Thursday, 1 November 2007

Suncorp Management Underestimate Shareholders

From the Sydney Morning Herald:

Suncorp admits it got it wrong

THE newly-expanded insurance and banking combine, Suncorp-Metway, yesterday survived an investor rebellion over its plans to hand performance-free shares worth up to $5.3 million to chief executive John Mulcahy but not before admitting it had handled the issue badly....

In all, the new contract could deliver Mr Mulcahy an extra $7.6 million over and above his old deal through to 2010....

As a non-binding vote, the board could not be forced to go back on its deal with Mr Mulcahy. But Mr Story accepted the blame for misreading the mood of investors and said their concerns would be reflected in any future reshaping of Suncorp's executive payments.

"We accept that these matters were not handled well by us in that the same objectives could have been achieved by the utilisation of a different structure without impact on the principle," he told shareholders....

The remuneration report also outlined "sweetheart" arrangements for another 37 senior executives worth a total of $9 million between them if they stay in place until next October.
I must admit to being pleasantly surprised by these events. Institutional shareholder's usually act as a rubber stamp on management remuneration packages. It's nice to see shareholders actually raising objections to being fleeced by the people who are supposed to run the company for their (the shareholders) benefit.
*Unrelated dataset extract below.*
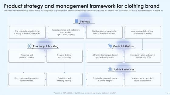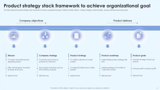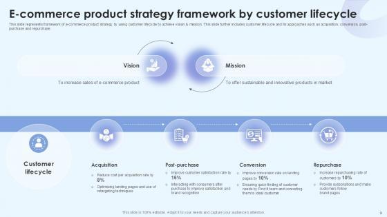 With well-researched insights and carefully-constructed design, this Product Strategy Framework Powerpoint Ppt Template Bundles is all that you need for your next business meeting with clients and win them over. Add your data to graphs, charts, and tables that are already ready to display it with stunning visuals and help your audience recall your work. With this PPT Complete Deck, you will be able to display your knowledge of the subject as well as your skills as a communicator. Share your ideas and make an impact on the audience with this PowerPoint Layout and ensure that you are known as a presentation professional. Download this PPT Template Bundle to create the most interesting presentation anyone has ever seen. Have a look at the Product Strategy Framework PowerPoint PPT presentation, a game-changing tool to assist firms to launch new products. This interactive resource offer approach to developing winning product strategies for varied markets. This PPT, which focuses on e commerce and digital product strategies, goes into key topics such as market analysis, competitive research, target audience identification, and positioning. Discover how to use industry trends and customer insights to create creative and appealing goods that attract to your target audience. Explore the complexities of product development, pricing, distribution, and promotional strategies, all supported by real-world case studies and best practices. Our Product Strategy Framework PPT will help you unlock the potential for extraordinary product success and boost your brands market position.

The last thing Australia needs is a corporate culture like Wall Street where a CEO who loses $8.4 billion in a single quarter can walk away with $160 million in severance pay. Hopefully the Suncorp (SUN) saga will send a message to other companies that shareholders won't put up with the brazen theft of their wealth. Unfortunately incidents like the one at Suncorp are still the exception rather than the rule.